There are a few similar issues in the LangChain repository that have been solved:

  1. Why is this implementation of vectorstore not working?
  2. When search_type="similarity_score_threshold, retriever returns negative scores
  3. similarity_score_threshold NotImplementedError

The solutions suggested in these issues involve updating LangChain to the latest version, using a different retriever that supports the similarity_score_threshold feature, or implementing the _aget_relevant_documents method in the Pinecone retriever class yourself.

If you're comfortable with Python and have a good understanding of the LangChain framework, you could try to implement the _similarity_search_with_relevance_scores method in a subclass of DocArrayIndex. This would involve defining how the subclass should handle the similarity_score_threshold search type.
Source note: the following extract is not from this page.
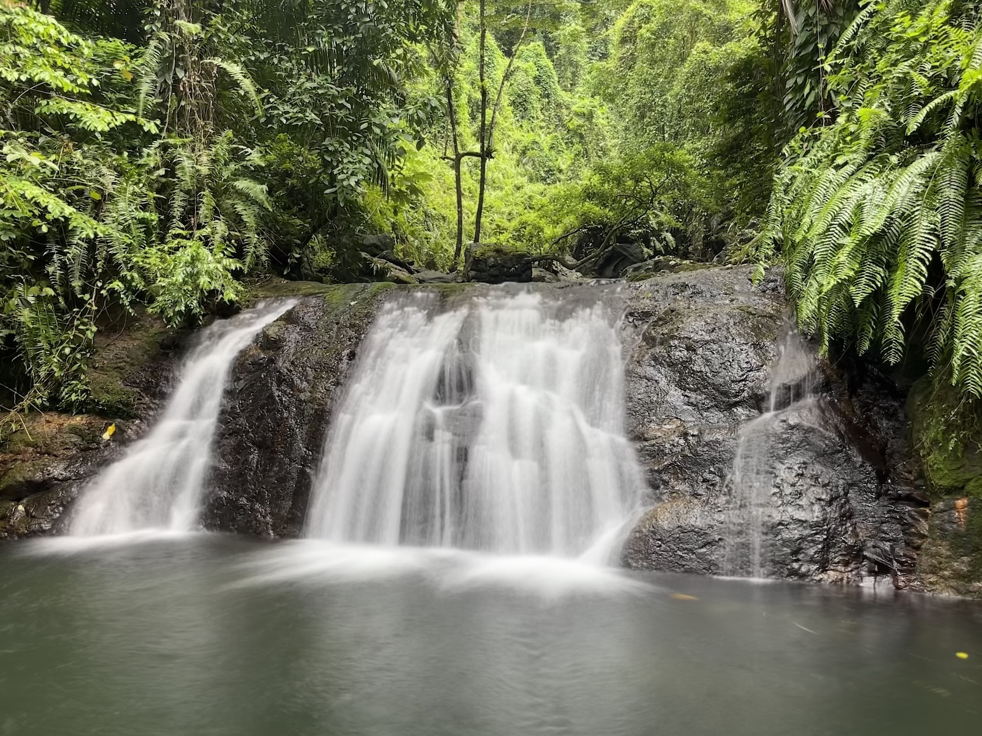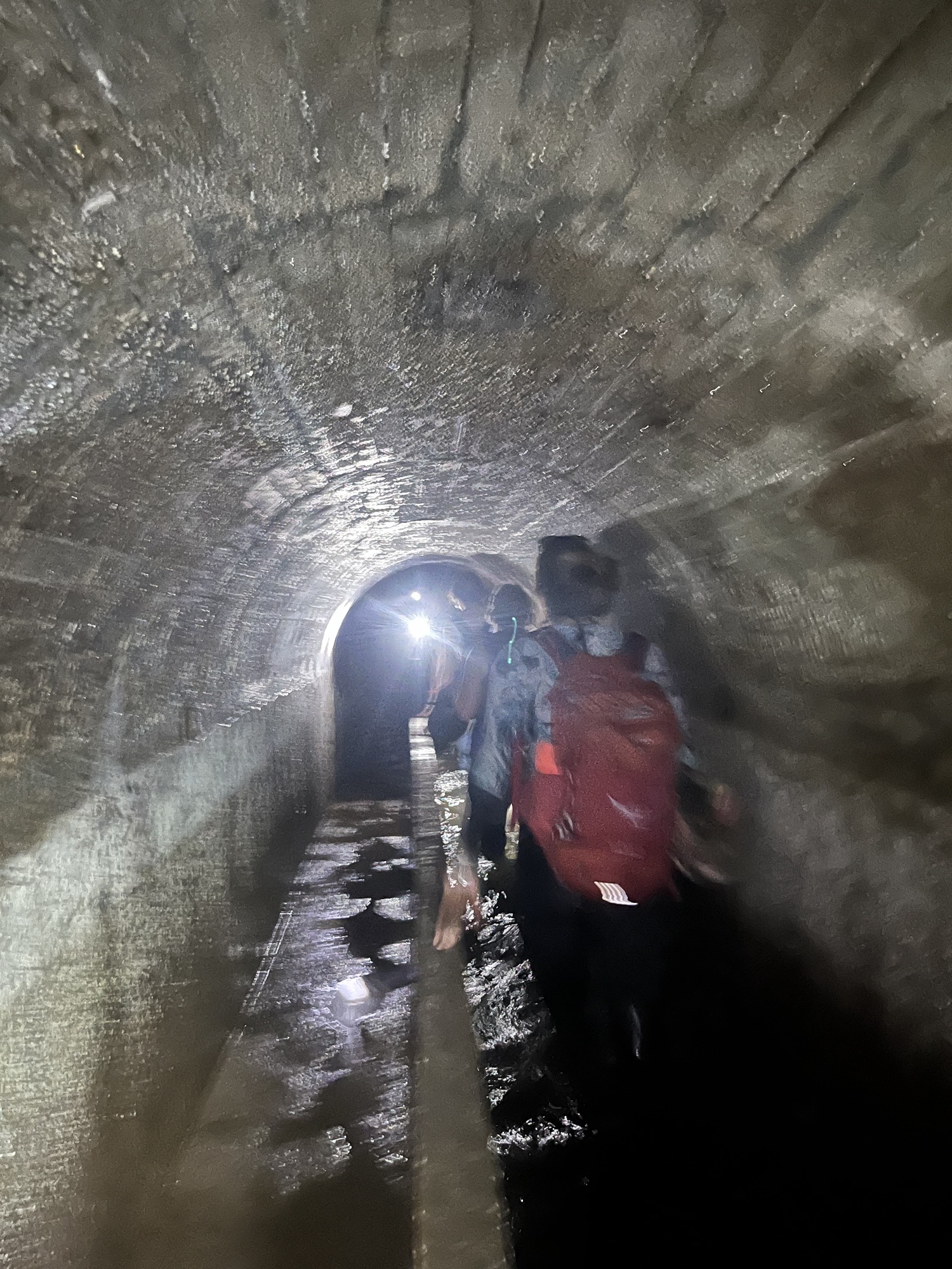 This tour has been extremely sociable whilst also maintaining a level of respectability throughout, that is, there have been no excessive drinking sessions. Most nights have wrapped up by 10pm. The all-important final dinner night saw a few bottles of wine consumed and a bedtime closer to 2am, but that was for only three of us and featured some very intensive conversation indeed. Probably for the best, as by 8.30am the next day we were back on something that resembled a road driving up a mountain track. For various reasons, half of the group skipped the final morning’s activity with attention already turned for home and a general tiredness of hiking in the heat setting in. The trip has been a busy one, but I’m glad I haven’t skipped anything, especially the final morning. Once again, we found ourselves hiking though the steamy rainforest on an eight-kilometre hike, only to add a little extra spice, we would be following an old system of aqueducts put in place by the Portuguese to irrigate farms down in the flatter parts of the island. They were still in operation, feeding a reservoir that fed the local town with water and hydroelectric. The aqueducts ran over purpose-made bridges and though tunnels hacked out of the mountain side. We went through five such tunnels, the longest almost one kilometre and too low for me to stand straight. The first few tunnels we walked through the aqueduct itself, I in bare feet due to not wanting to get my only set of shoes wet for the evening’s flight home and the current too strong for my flipflops. For the last few tunnels, the water was too deep, and so we walked alongside the aqueduct, at times wading through a thick sludge. What added to all of this was the healthy population of bats that hang out in the tunnels, and so what with my sea urchin wounded foot now squelching through guano infested sludge, I imagined me being forever known as Patient Zero for some new and exciting tropical disease. That’s assuming the rickety bridges we had to cross didn’t collapse and get me first. And in case you’re worried, don’t be, because there was the standard waterfall that should be expected on all hikes. To be fair, it was quite impressive; high, very wet, powerful, set in a cove-type space almost enclosed by the mountain.

I hope this information helps you in resolving the issue. If you have any further questions or need more clarification, feel free to ask.

Sources


This response is meant to be useful and save you time. It is not meant to be a precise solution, but rather a starting point for your own research.

Help me be more useful! Please leave a 👍 if this is helpful and 👎 if it is irrelevant.
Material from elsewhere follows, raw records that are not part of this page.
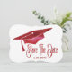 Beautiful, simple modern graduation save the date card to send to family and friends. Features a graduation cap with red watercolor look. Wonderful modern and simple card for saving a date for a graduation.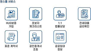 이외에도, 전세계약 초심자를 위한 체크리스트, 표준계약서 양식, LH 등 공공임대주택 관련 정보, 전세대출 금리 확인, 등록임대사업자 정보 등을 확인할 수 있도록 지원한다.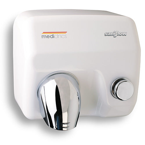 Asciugamani Elettrico Aria Calda a Pulsante in Acciaio Bianco Mediclinics Saniflow E05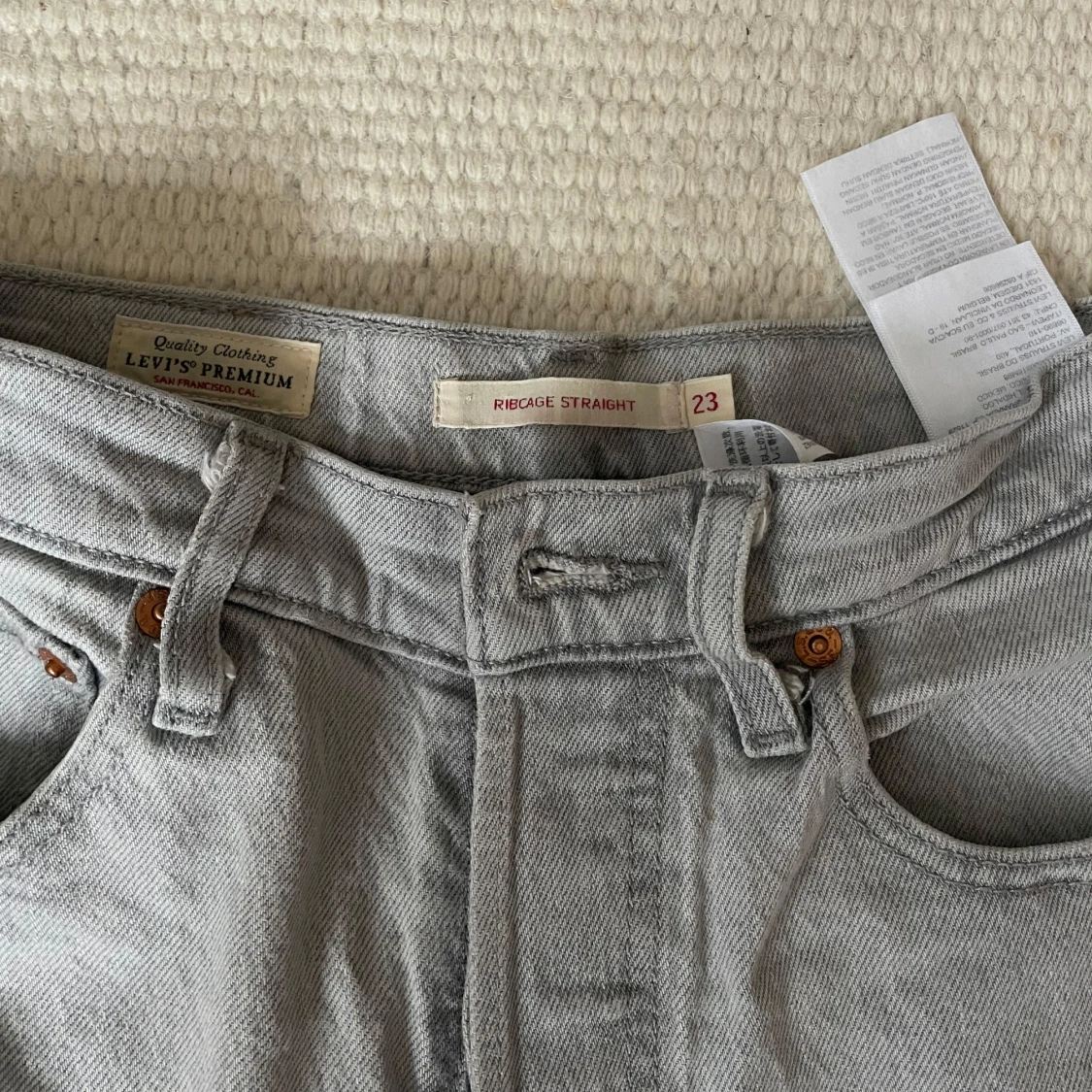 Säljer ett par gråa Ribcage straight jeans i storlek W23 längd 29. Knappt använda!

If you want to continue the conversation, start your reply with @dosu-bot.

hudsonmendes commented 1 year ago

Thank for the clarification.

I see that _similarity_search_with_relevance_scores is seen as an abstract method. Readability could potentially be improved by annotating the method with @abstractmethod (from the abc package). However, I understand that by doing so, it would force subclasses to implement it, breaking backwards compatibility and even leading to a different design than the one intended. So that part is clear to me.

The class that I referred to as lacking an implementation for the _similarity_search_with_relevance_scores is the base class of the docarray implementation. Following up on your recommendation, I trust that there should be an implementation of overriden implementation for this method as part of the DocArrayInMemorySearch class, which is currently lacking.
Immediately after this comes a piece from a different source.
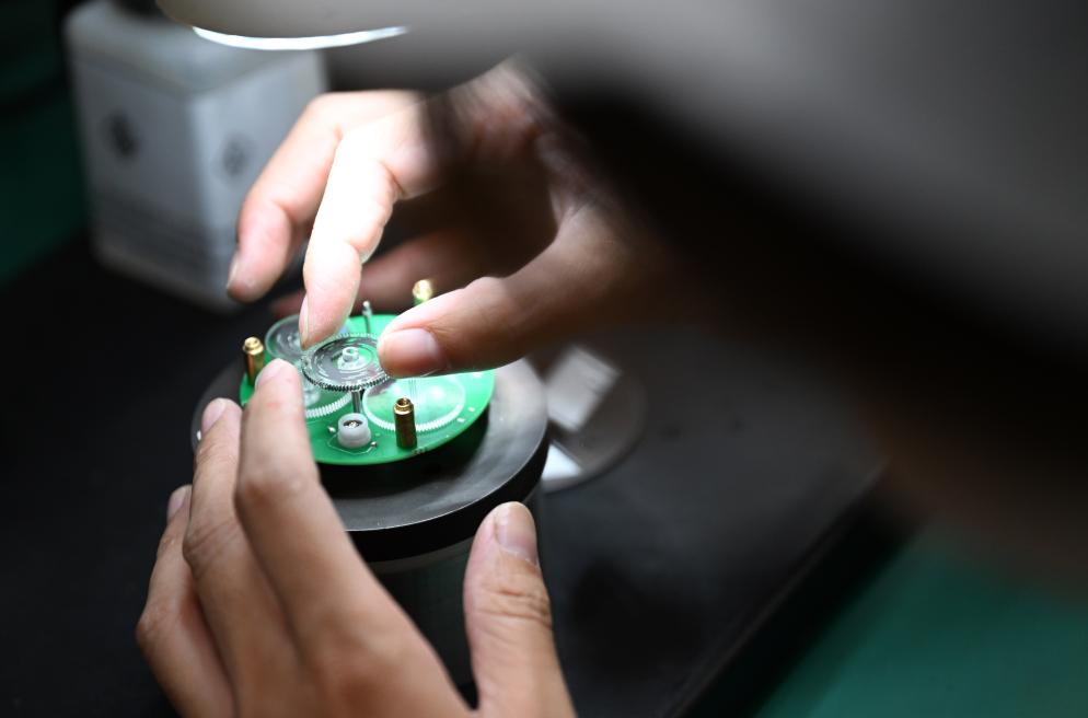 天津宜科自动化股份有限公司编码器生产车间内,员工在工作。新华社记者 赵子硕 摄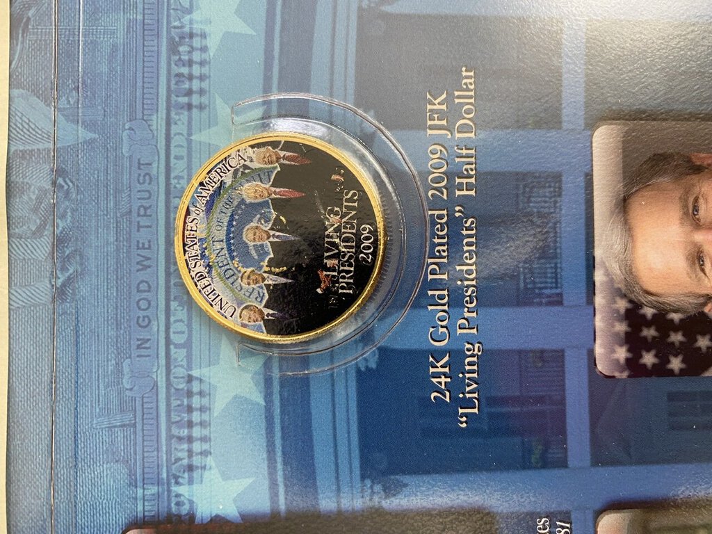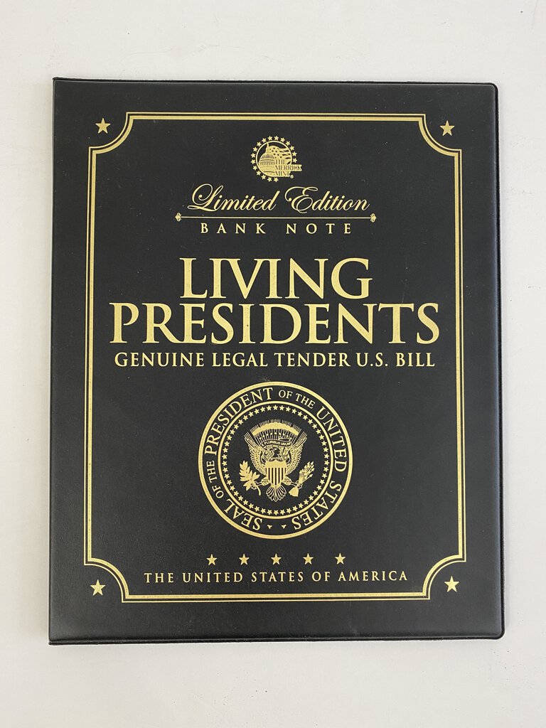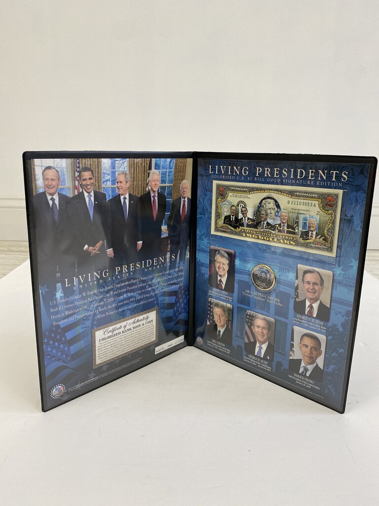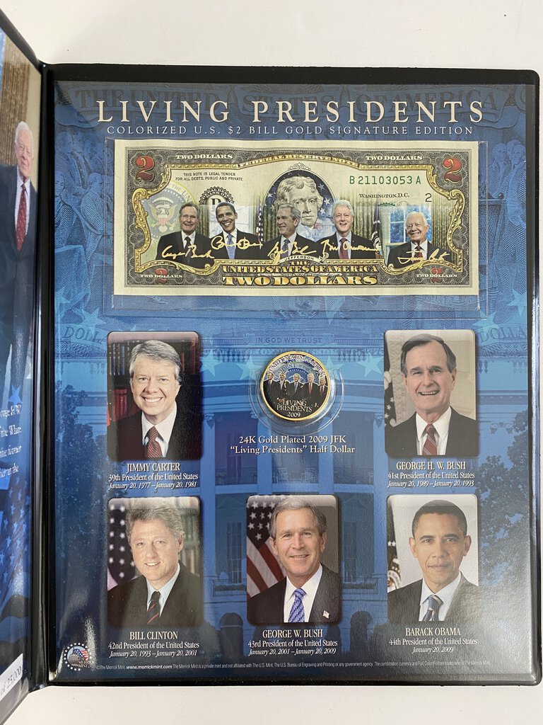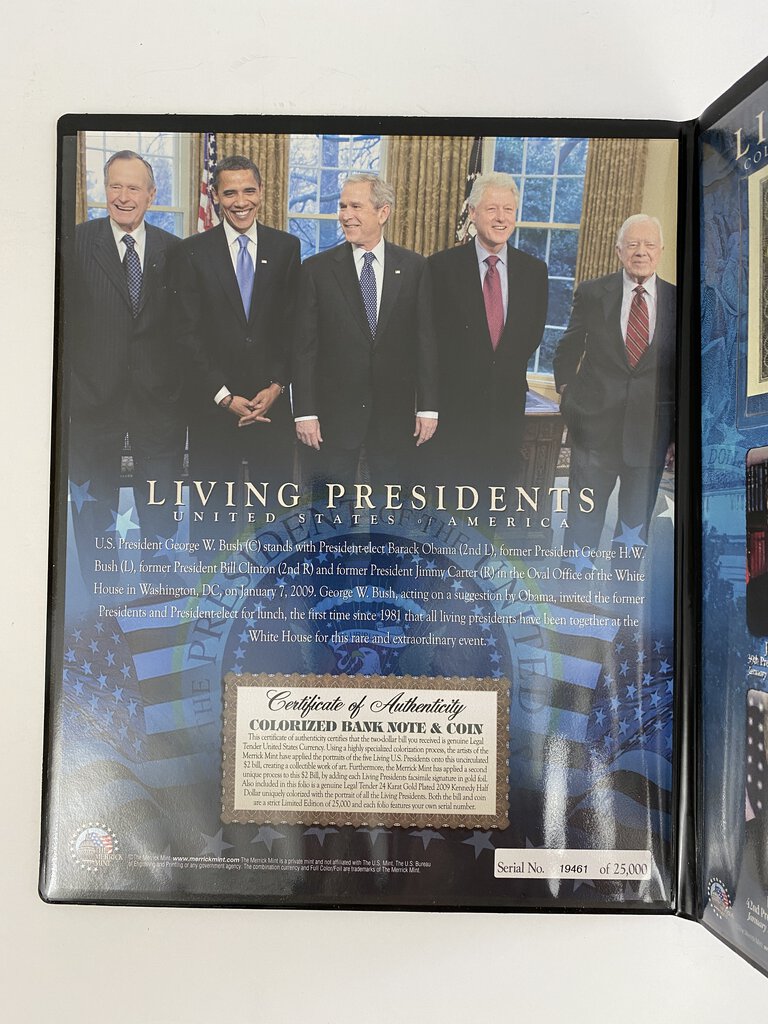 The Merrick Mint Limited Edition Bank Note in a Collectable Folio. The Living Presidents of 2009 includes, Jimmy Carter George H.W. Bush, Bill Clinton,George W. Bush and Barack Obama. The folio has a spot for the gold signed and colorized $2 dollar bill and 24 karat gold plated 2009 “JFK” Half Dollar. Excellent condition on the folio and money. Serial No. 19461 of 25,000.

Again, I can go ahead and implement this, if we decide that my proposed design is resaonable.

Proposed Design

My proposal is that the DocArrayInMemorySearch receives an implementation of the _similarity_search_with_relevance_scores, perhaps using numpy to calculate similarity, according to the distance metric available in the self.embedding, should there be more than one option.

File: libs/langchain/langchain/vectorstores/docarray/in_memory.py Class: DocArrayInMemorySearch(DocArrayIndex)

def _similarity_search_with_relevance_scores(
        self,
        query: str,
        k: int = 4,
        **kwargs: Any,
    ) -> List[Tuple[Document, float]]:
        """Return docs and relevance scores, normalized on a scale from 0 to 1.

        0 is dissimilar, 1 is most similar.
        """
        # TODO: use `self.embeddings` to discover which distance metric should be used
        # TODO: implementation of the distance-based search
mikquinlan commented 11 months ago

@hudsonmendes The (what looks like) hack to fix this is to return self.similarity_search_with_score(query, k=k, **kwargs). Deeper inspection shows there are some design (or maybe just doc) issues. e.g. similarity_search_with_score returns the cosine similarity score (higher number more similar) NOT relevance (lower number more similar).

hudsonmendes commented 11 months ago

@mikquinlan, _similarity_search_with_relevance_scores could certainly be developped to be consistent with the other vector stores. From cosine similarity score to relevance score, we could simple return 1 - consine_similarity (or similar transformation) and ensure it is consistent with what the other vector stores return in their implementations.

I'd do so in order to avoid breaking changes to the API.

However, I do belive there are some bigger design problems, such as the lack of annotation for @abstractmethods. Even if that would force sub-classes to explicitly implement this method, even when not supported, might be a better practice.

I'd start small - solve the issue of not supporting "similarity_score_threshold" with docarray vector stores and perhaps raise another issue to deal with (possible) design issues, which would probably a greater discussion.